▸ **What the task requires**: Below, locate the line that contains "Boucles d'oreilles en". Repeat exactly from that line to the line that contains "Finn frem et", inclusive, leaving out the pictures.

▸ **Records shown**:
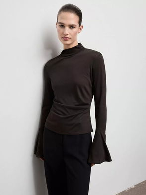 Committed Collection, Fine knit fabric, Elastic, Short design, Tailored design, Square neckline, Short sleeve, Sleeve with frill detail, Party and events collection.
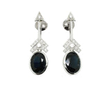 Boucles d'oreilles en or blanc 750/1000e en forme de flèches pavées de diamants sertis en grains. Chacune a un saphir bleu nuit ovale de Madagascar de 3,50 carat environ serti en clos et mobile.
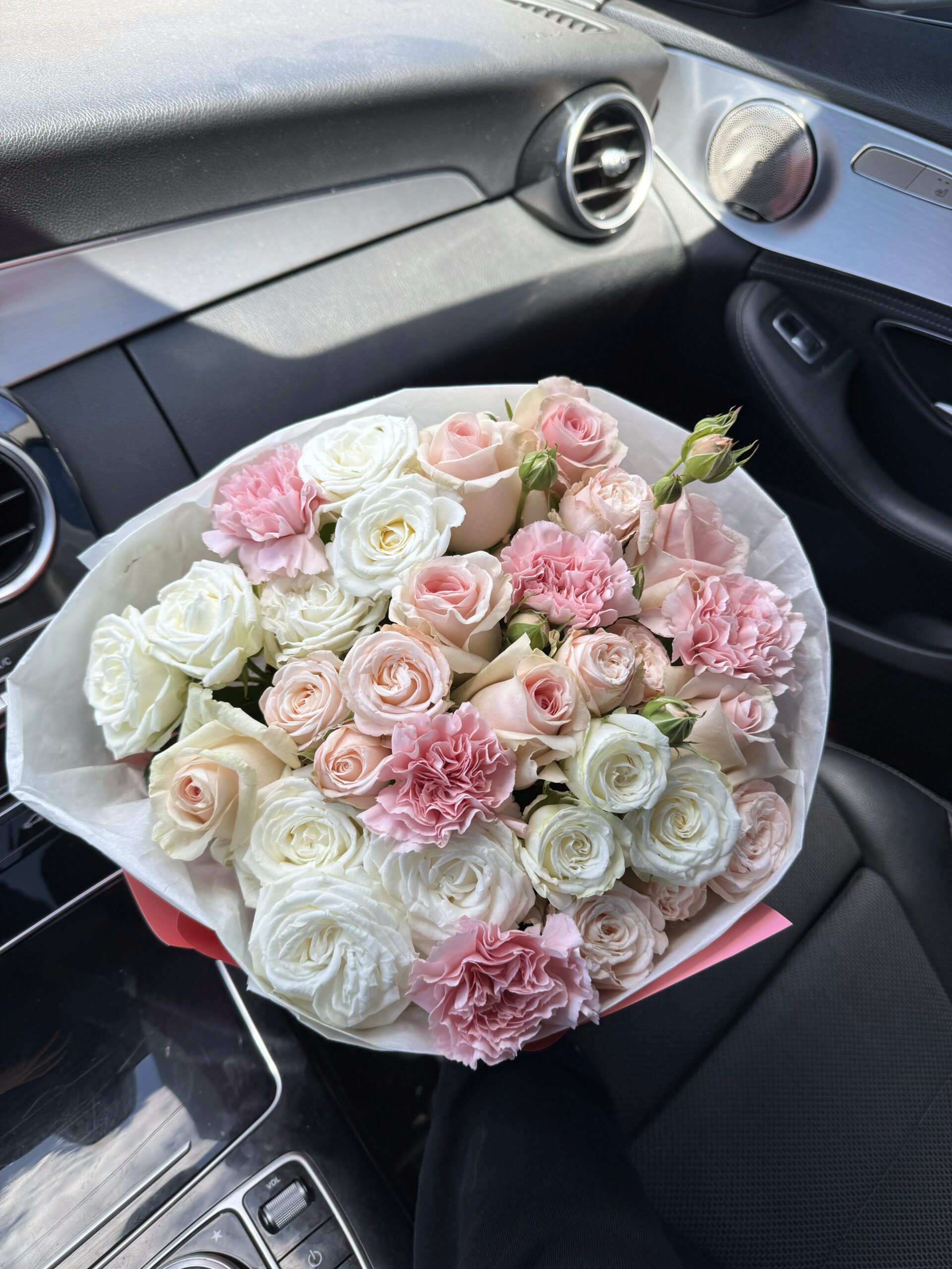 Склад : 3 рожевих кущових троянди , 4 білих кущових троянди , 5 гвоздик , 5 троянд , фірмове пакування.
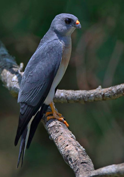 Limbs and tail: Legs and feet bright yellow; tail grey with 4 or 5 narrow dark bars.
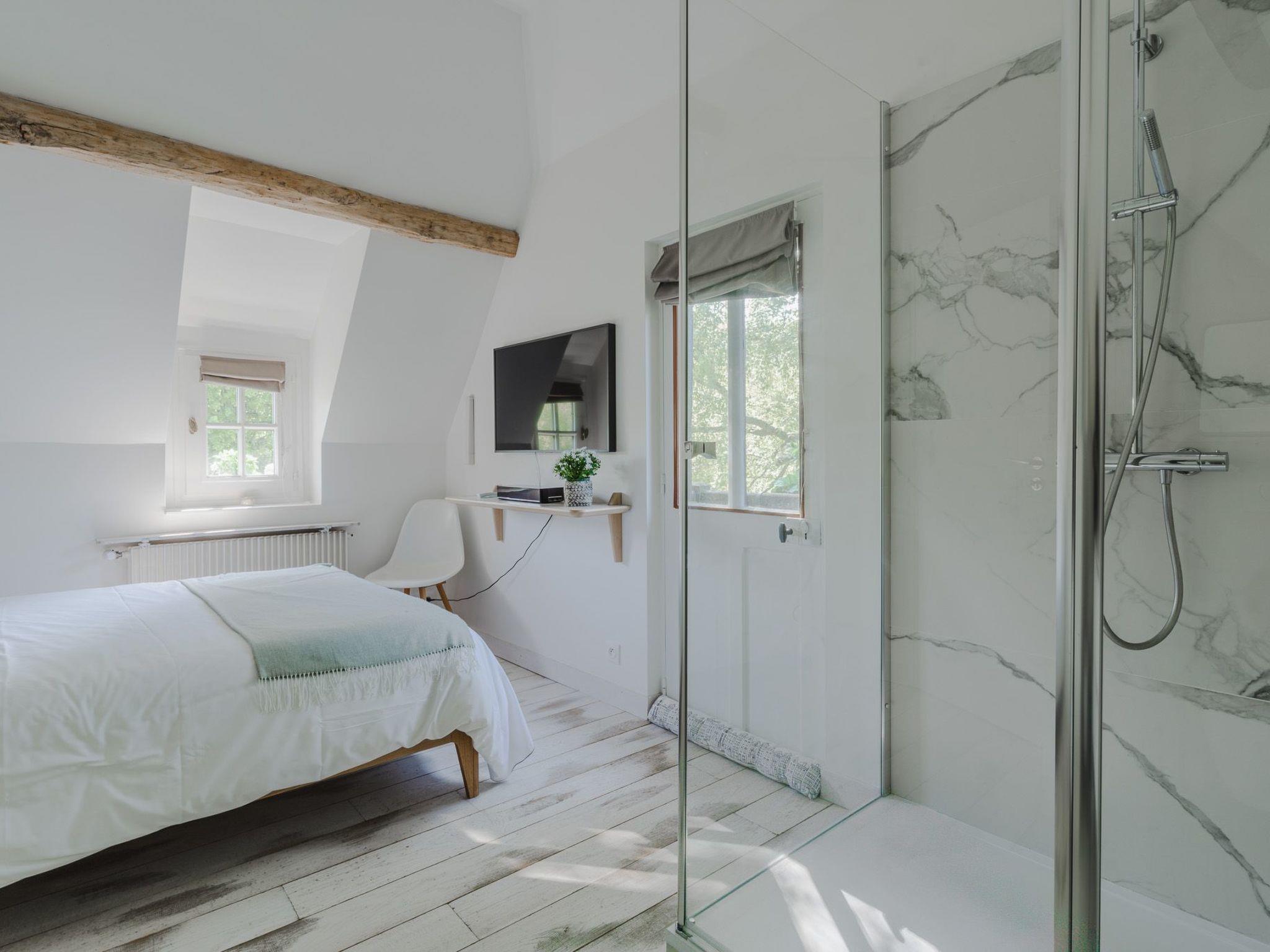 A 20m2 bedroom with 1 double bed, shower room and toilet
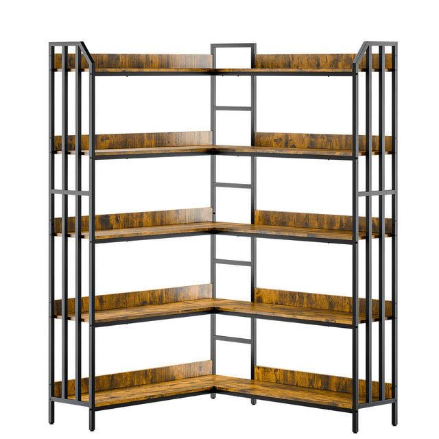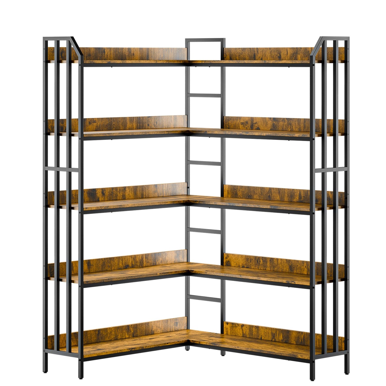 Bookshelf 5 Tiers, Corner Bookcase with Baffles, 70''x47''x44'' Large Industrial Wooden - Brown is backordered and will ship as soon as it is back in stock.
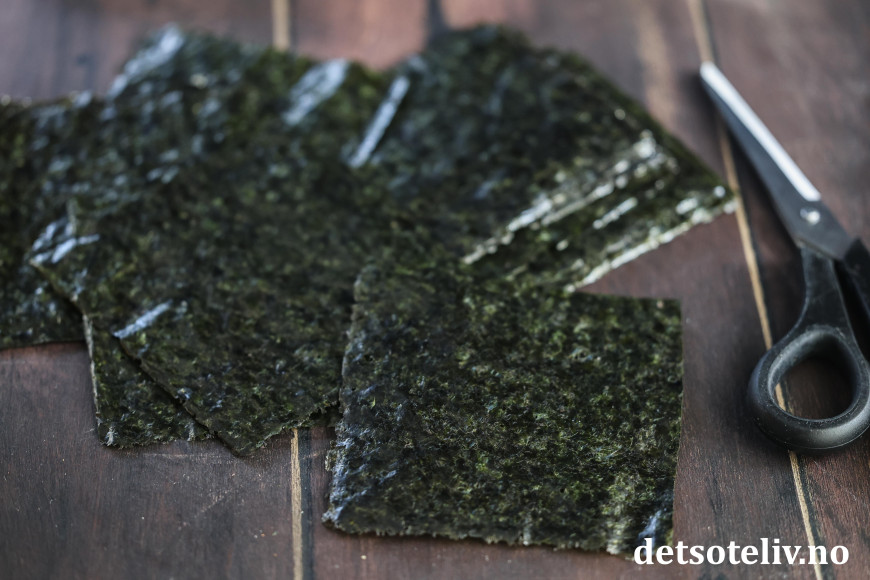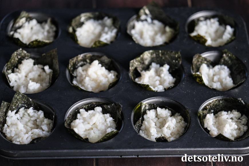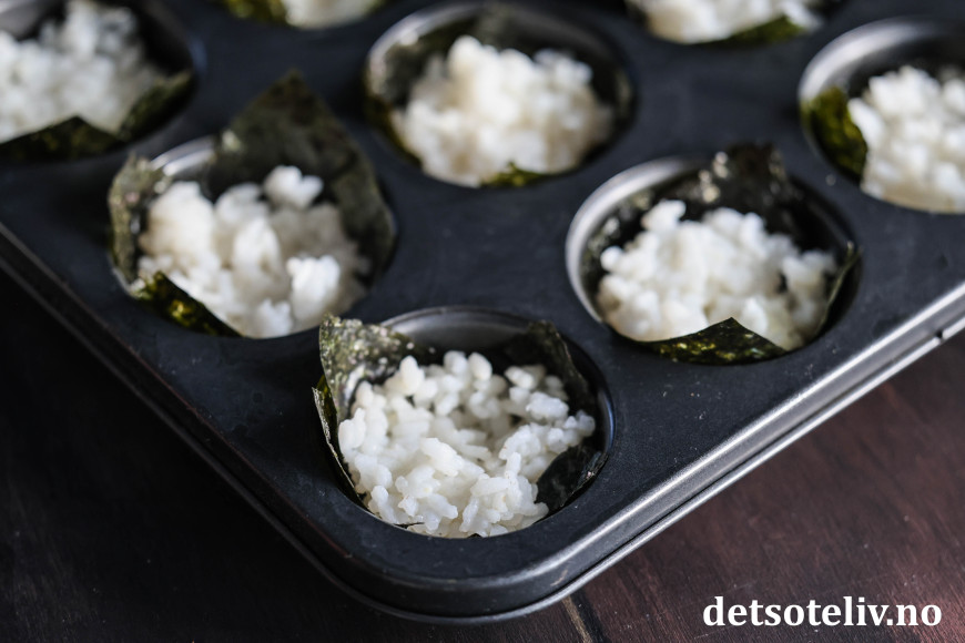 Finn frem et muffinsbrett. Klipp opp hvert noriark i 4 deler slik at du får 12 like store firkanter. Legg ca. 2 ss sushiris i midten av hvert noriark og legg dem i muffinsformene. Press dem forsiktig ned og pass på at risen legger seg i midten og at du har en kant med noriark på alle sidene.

==

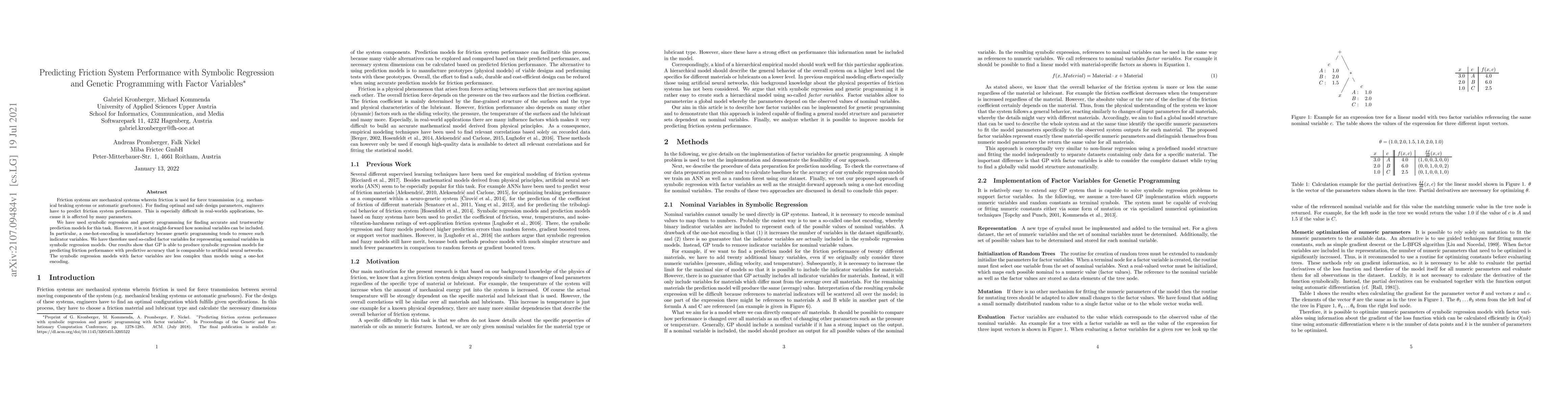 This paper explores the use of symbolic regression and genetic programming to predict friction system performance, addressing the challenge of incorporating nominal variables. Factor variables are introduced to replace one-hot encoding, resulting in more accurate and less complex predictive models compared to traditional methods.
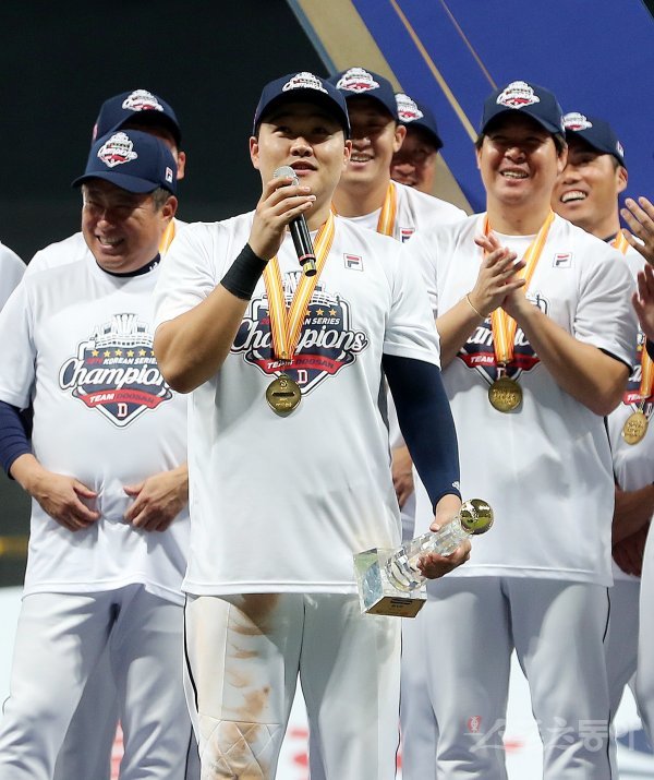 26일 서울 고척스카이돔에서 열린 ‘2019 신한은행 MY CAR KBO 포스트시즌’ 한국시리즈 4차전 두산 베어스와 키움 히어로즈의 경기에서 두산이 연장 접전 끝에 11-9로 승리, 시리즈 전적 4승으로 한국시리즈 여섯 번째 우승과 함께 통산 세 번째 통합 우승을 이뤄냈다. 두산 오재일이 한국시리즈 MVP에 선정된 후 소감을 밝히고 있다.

▸ **Your solution**:
 Boucles d'oreilles en or blanc 750/1000e en forme de flèches pavées de diamants sertis en grains. Chacune a un saphir bleu nuit ovale de Madagascar de 3,50 carat environ serti en clos et mobile.
 Склад : 3 рожевих кущових троянди , 4 білих кущових троянди , 5 гвоздик , 5 троянд , фірмове пакування.
 Limbs and tail: Legs and feet bright yellow; tail grey with 4 or 5 narrow dark bars.
 A 20m2 bedroom with 1 double bed, shower room and toilet
 Bookshelf 5 Tiers, Corner Bookcase with Baffles, 70''x47''x44'' Large Industrial Wooden - Brown is backordered and will ship as soon as it is back in stock.
 Finn frem et muffinsbrett. Klipp opp hvert noriark i 4 deler slik at du får 12 like store firkanter. Legg ca. 2 ss sushiris i midten av hvert noriark og legg dem i muffinsformene. Press dem forsiktig ned og pass på at risen legger seg i midten og at du har en kant med noriark på alle sidene.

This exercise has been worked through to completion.